Full run took 0.68 minutes


<azureml.logging.script_run_request.ScriptRunRequest at 0x7f6226fc3048>

## Deployment

Once the assets are stored, we can download them into a local compute context for operationalization on an Azure web service.

We demonstrate how to setup this web service this through a CLI window opened in the AML Workbench application. 

### Download the model

To download the model we've saved, follow these instructions on a local computer.

- Open the [Azure Portal](http://portal.azure.com)
- In the left hand pane, click on __All resources__
- Search for the storage account using the name you provided earlier in this notebook. 
- Choose the storage account from search result list, this will open the storage account panel.
- On the storage account panel, choose __Blobs__
- On the Blobs panel choose the container __modeldeploy__
- Select the file o16n.zip and on the properties pane for that blob choose download.

Once downloaded, unzip the file into the directory of your choosing. The zip file contains three deployment assets:

- the `pdmscore.py` file
- a `pdmrfull.model` directory
- the `service_schema.json` file



### Create a model management endpoint 

Create a modelmanagement under your account. We will call this `pdmmodelmanagement`. The remaining defaults are acceptable.

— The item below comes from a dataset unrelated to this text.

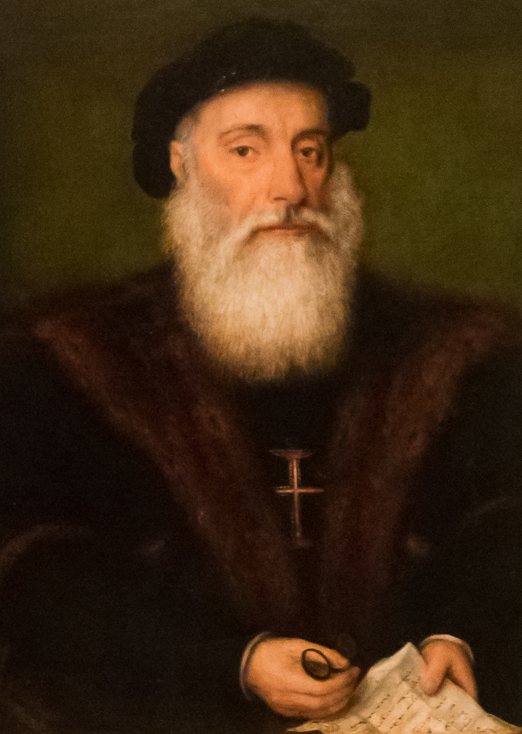 Portrait of a Knight Templar says Portrait of Vasco da Gama..

`az ml account modelmanagement create --location <ACCOUNT_REGION> --resource-group <RESOURCE_GROUP> --name pdmmodelmanagement`


### Check environment settings

Show what environment is currently active:

`az ml env show`

If nothing is set, we setup the environment with the existing model management context first: 

` az ml env setup --location <ACCOUNT_REGION> --resource-group <RESOURCE_GROUP> --name pdmmodelmanagement`

then set the current environment:

`az ml env set --resource-group <RESOURCE_GROUP> --cluster-name pdmmodelmanagement`

Check that the environment is now set:

`az ml env show`


### Deploy your web service 

Once the environment is setup, we'll deploy the web service from the CLI.

These commands assume the current directory contains the webservice assets we created in throughout the notebooks in this scenario (`pdmscore.py`, `service_schema.json` and `pdmrfull.model`). If your kernel has run locally, the assets will be in the `os.environ['AZUREML_NATIVE_SHARE_DIRECTORY']`. 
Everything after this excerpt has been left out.